** TASK STATEMENT **
Your answer must be only the lines below from the one containing "upsimples Pink Shelves" through the one containing "Development Review and", copied exactly, with the pictures left out.

** MATERIALS PROVIDED **
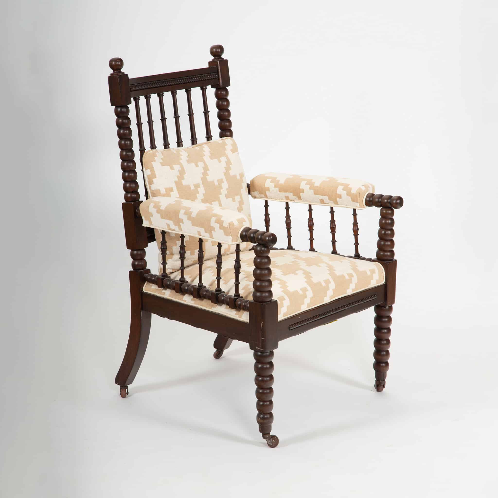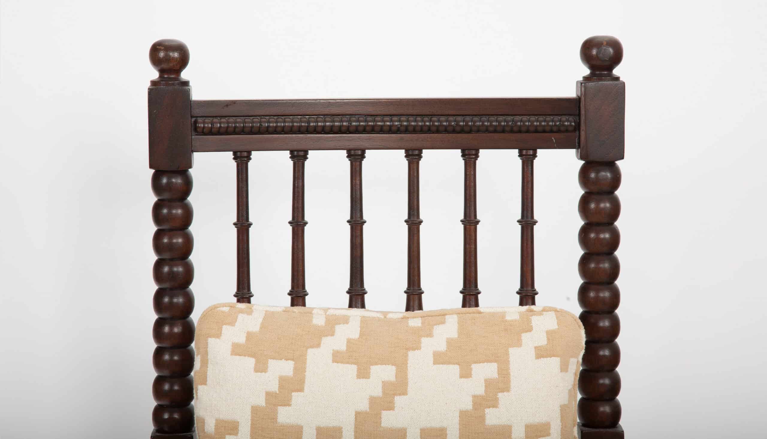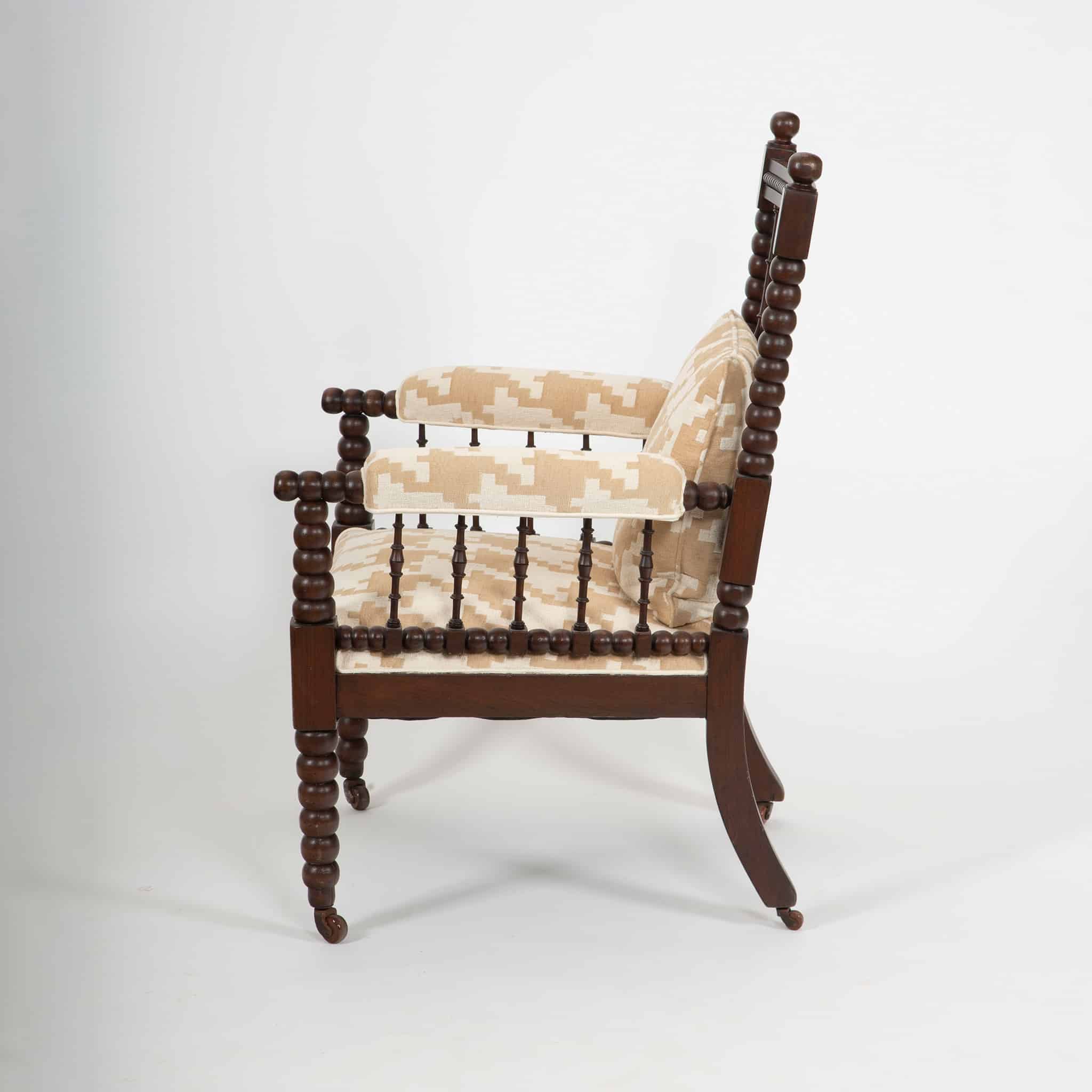 Bobbin furniture enjoyed renewed popularity in England during the mid- to late 19th century, reflecting the Victorian taste for historic revival styles combined with solid craftsmanship and domestic comfort. Though the maker is unidentified, the quality of carving and proportions suggest production by a skilled English workshop.
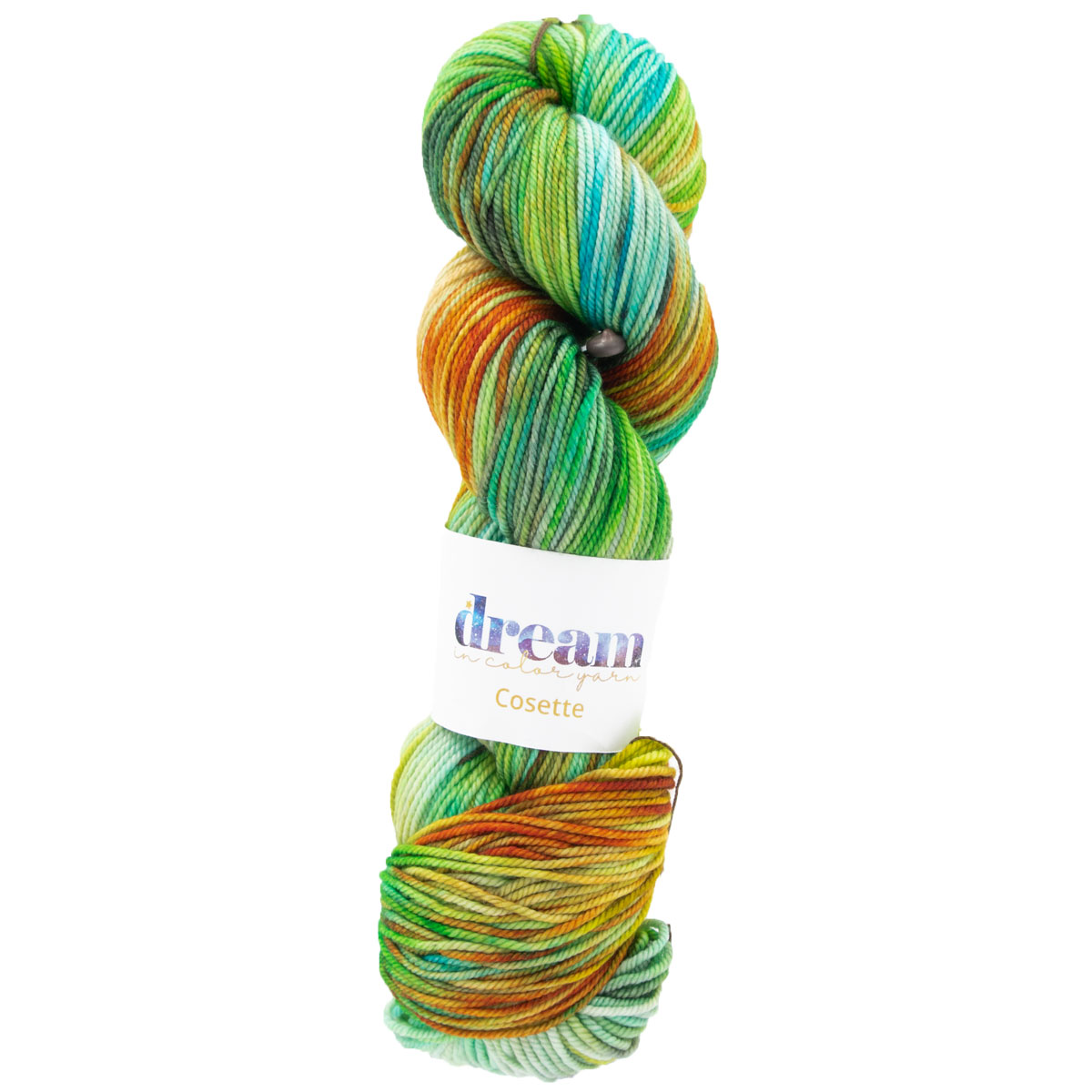 Cosette, a sublime fusion of superwash wool with a touch of cashmere and nylon. Cosette offers a luminous halo, sumptuously soft feel, and a light airy drape. Its captivating qualities make it the perfect match for any DK-weight sweater pattern, accessories, or other projects where elegance and ease-of-care converge! After one squish, you'll understand why it's a top choice for heirloom-quality creations.
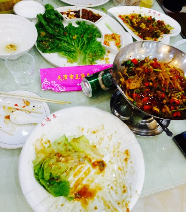环境还不错,有电梯,这次点的比较多,要了一个半烤鸭,余下的做了椒盐鸭架,毛血旺够辣,又点了蒜香...
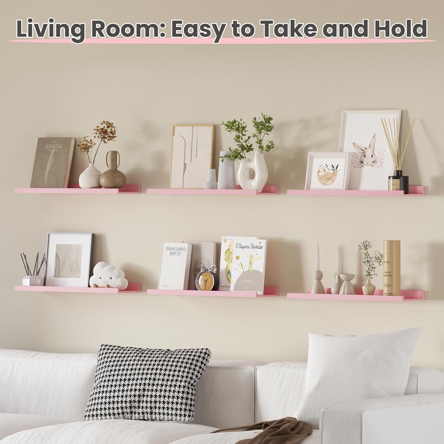 upsimples Pink Shelves for Wall, Kawaii Room Decor for Teen Girls, Bedroom, Living Room, Game Room, 6 Pack 23.6 inch Long Wall Mounted Wood Shelves for Picture, Plants
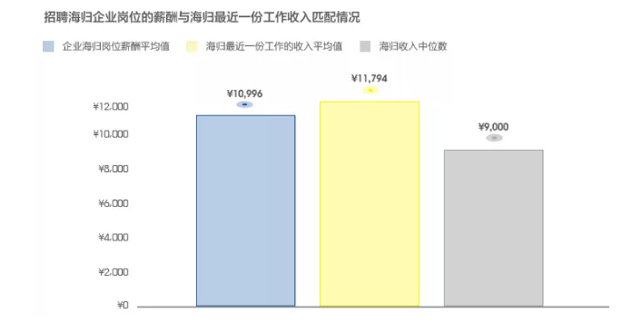 • 海归的薪资超过了当地的平均工资,但海归的就业供需匹配仍存在失衡状况。
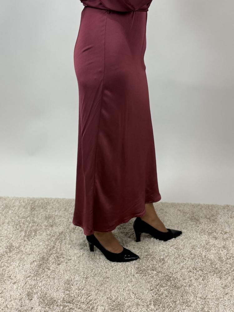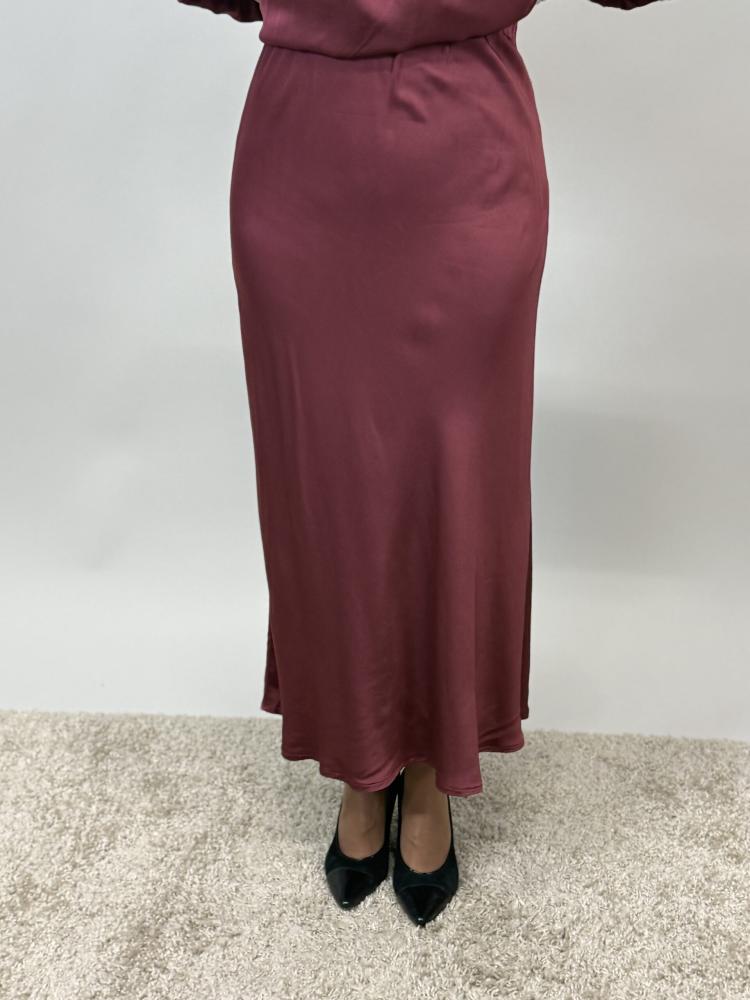 Snygg vinröd kjol i glansig viskose. Resår i midjan.
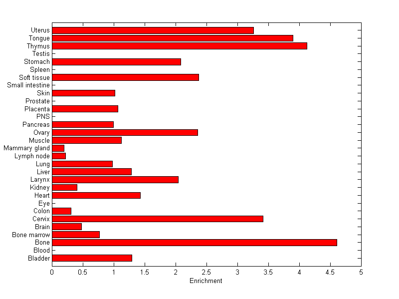 The expression level is normalized with tissue-library size. Each value for a gene in a tissue is a ratio of observed ESTs to the expected one in this tissue. The expected number of ESTs is the product of total ESTs of the gene and the fraction of total ESTs in the tissue among all ESTs in 30 tissues.
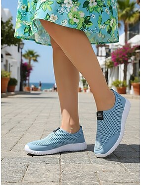 Tênis feminino slip-on azul claro em mesh respirável – tênis leves para atividades ao ar livre, como caminhadas, trilhas, viagens e uso diário.
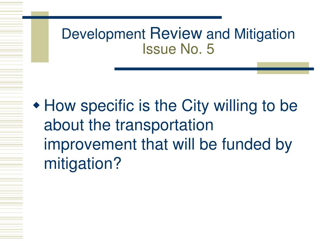Development Review and MitigationIssue No. 5 • How specific is the City willing to be about the transportation improvement that will be funded by mitigation?
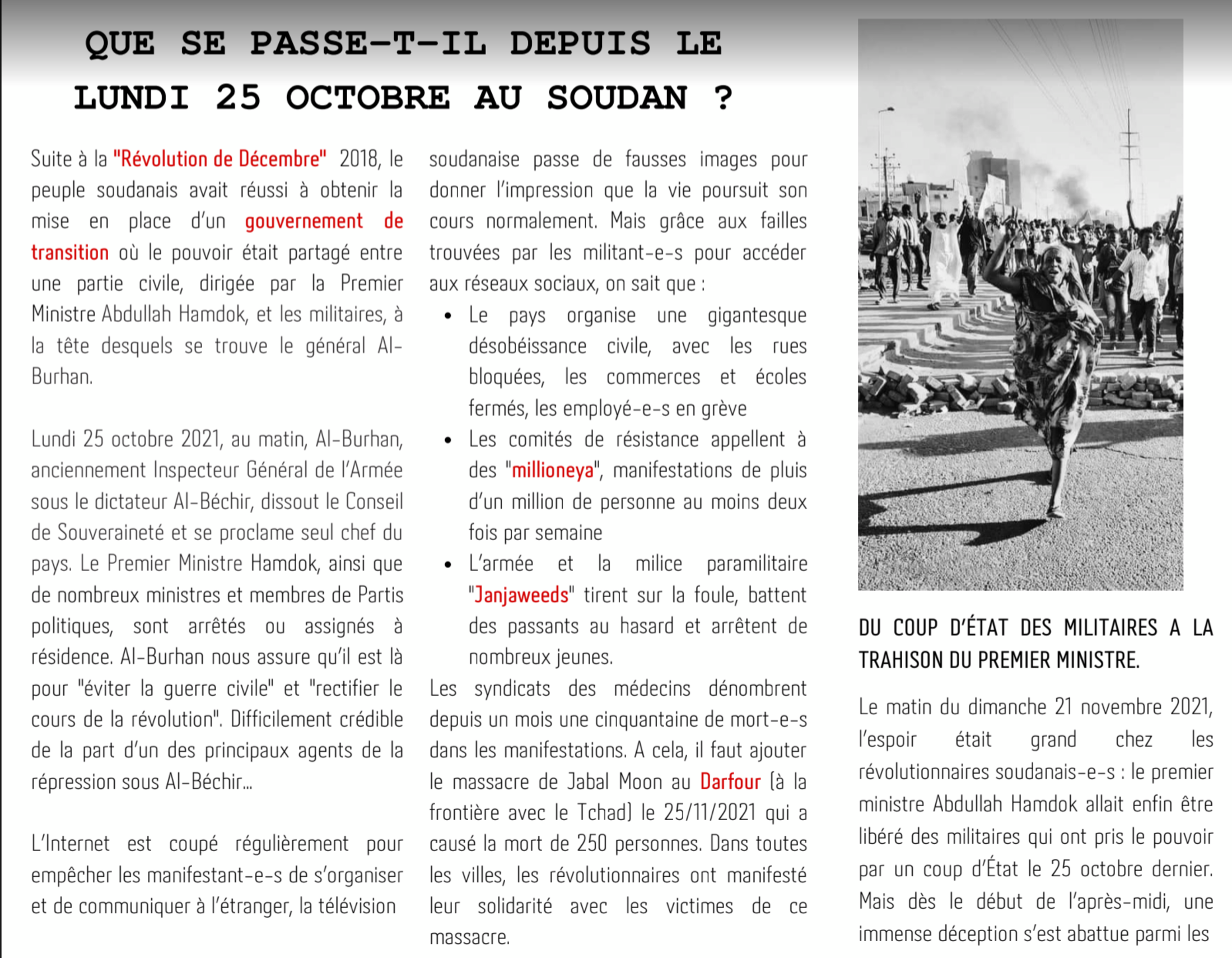 A l'heure où le peuple soudanais a de nouveau pris les rues pour réclamer la chute des militaires (le général Burhan qui a pris le pouvoir par un coup d'état en octobre), notre petite équipe franco-soudanaise s'est activée pour vous proposer un tout premier numéro papier de nos articles, un premier numéro intitulé "Le retour en arrière, pas question - échos de la révolution soudanaise". Pour lire tous nos articles d'actualités et d'analyses, suivez notre blog Mediapart, ou notre site internet.
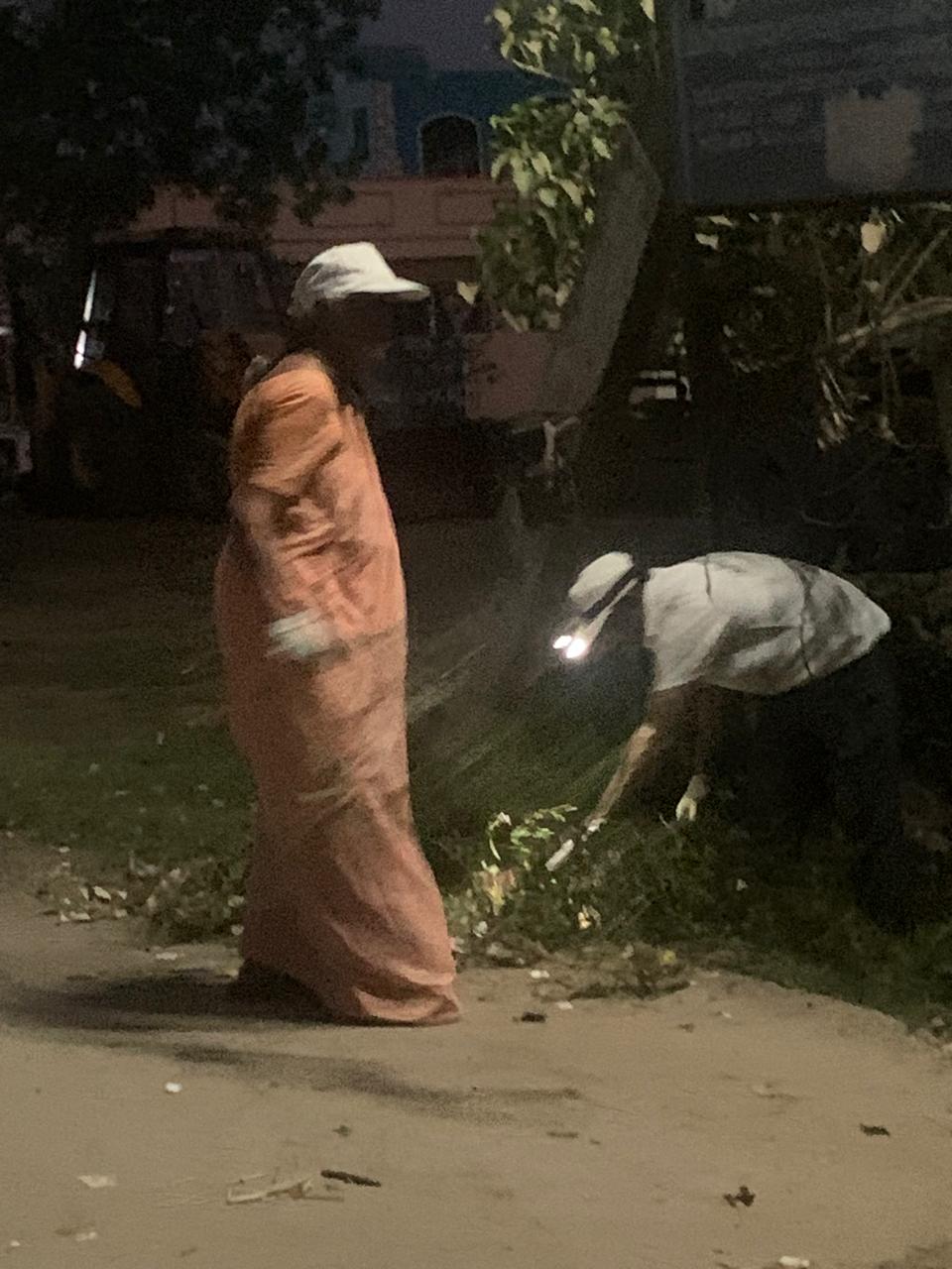 ఆదివారమైనందునేమో శ్రామికులు 35 మంది దాక రోడ్డెక్కారు. ఆ రోడ్డు బెజవాడ వైపుది- పదునొకండు గురైతే మరీ తొందరపడి4.16 కే విజయా కాన్వెంట్ గేటు ముందు క్రమ శిక్షణ తో వరుసలో నిలబడి కనిపించారు. ఆ తర్వాత ఇద్దరేసి, నలుగురేసి కార్యకర్తలు గబగబారావడమూ, చేతొడుగులేసుకోవడమూ, పనుల్లో దిగడమూ! చల్లపల్లి, పరిసర గ్రామాలకూ ఇదేం క్రొత్త సంగతి కాదు. కర్నాటకలో- భాగ్యనగరిలో- అమెరికా తదితర దేశ విదేశాల్లో వాళ్లూ ఈ దృశ్య ఛాయాచిత్రాల్ని వాట్సాప్ లో చూస్తూ -ఆనందిస్తూ- లైకులు కొడుతుంటారు. ఇలా చల్లపల్లి వీధుల్నూడ్చేవాళ్ళు, చూసి సంబర పడేవాళ్లు కాస్త అరుదైనవాళ్లు- నేటి సమాజ పోకడలకు భిన్నమైన సత్య కాలపు వాళ్లు! చాలమంది దృష్టిలో బతక చేతగాని వాళ్లూ- జాలిపడ దగిన వాళ్ళూనూ!
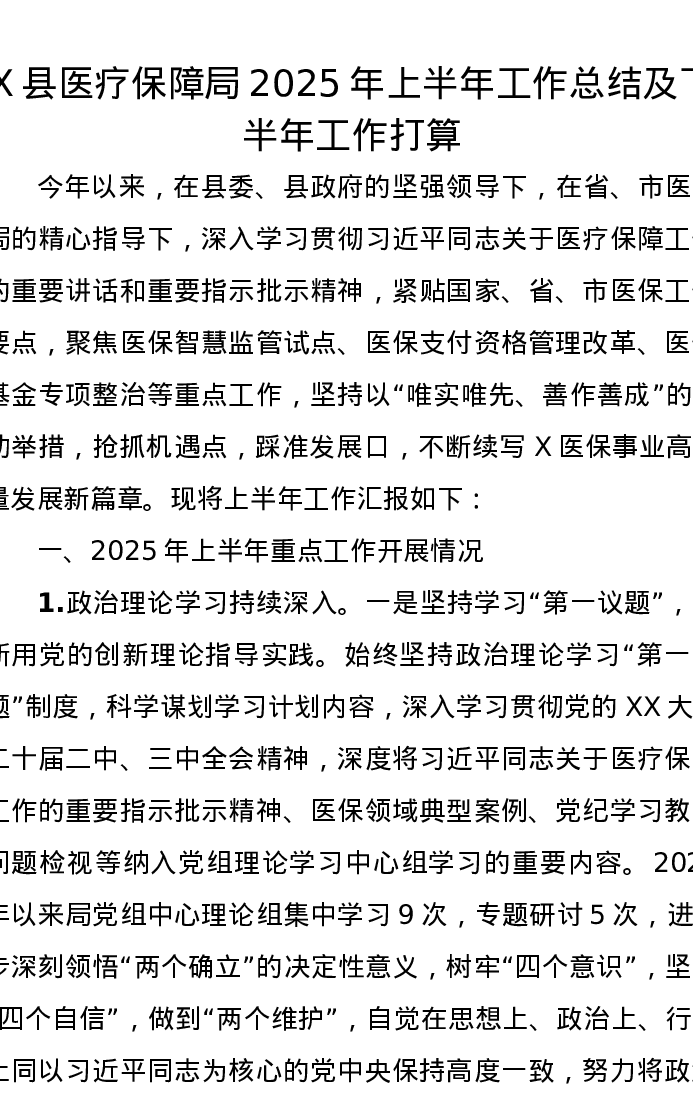 X县医疗保障局2025年上半年工作总结及下半年工作打算

** TASK ANSWER **
 upsimples Pink Shelves for Wall, Kawaii Room Decor for Teen Girls, Bedroom, Living Room, Game Room, 6 Pack 23.6 inch Long Wall Mounted Wood Shelves for Picture, Plants
 • 海归的薪资超过了当地的平均工资,但海归的就业供需匹配仍存在失衡状况。
 Snygg vinröd kjol i glansig viskose. Resår i midjan.
 The expression level is normalized with tissue-library size. Each value for a gene in a tissue is a ratio of observed ESTs to the expected one in this tissue. The expected number of ESTs is the product of total ESTs of the gene and the fraction of total ESTs in the tissue among all ESTs in 30 tissues.
 Tênis feminino slip-on azul claro em mesh respirável – tênis leves para atividades ao ar livre, como caminhadas, trilhas, viagens e uso diário.
Development Review and MitigationIssue No. 5 • How specific is the City willing to be about the transportation improvement that will be funded by mitigation?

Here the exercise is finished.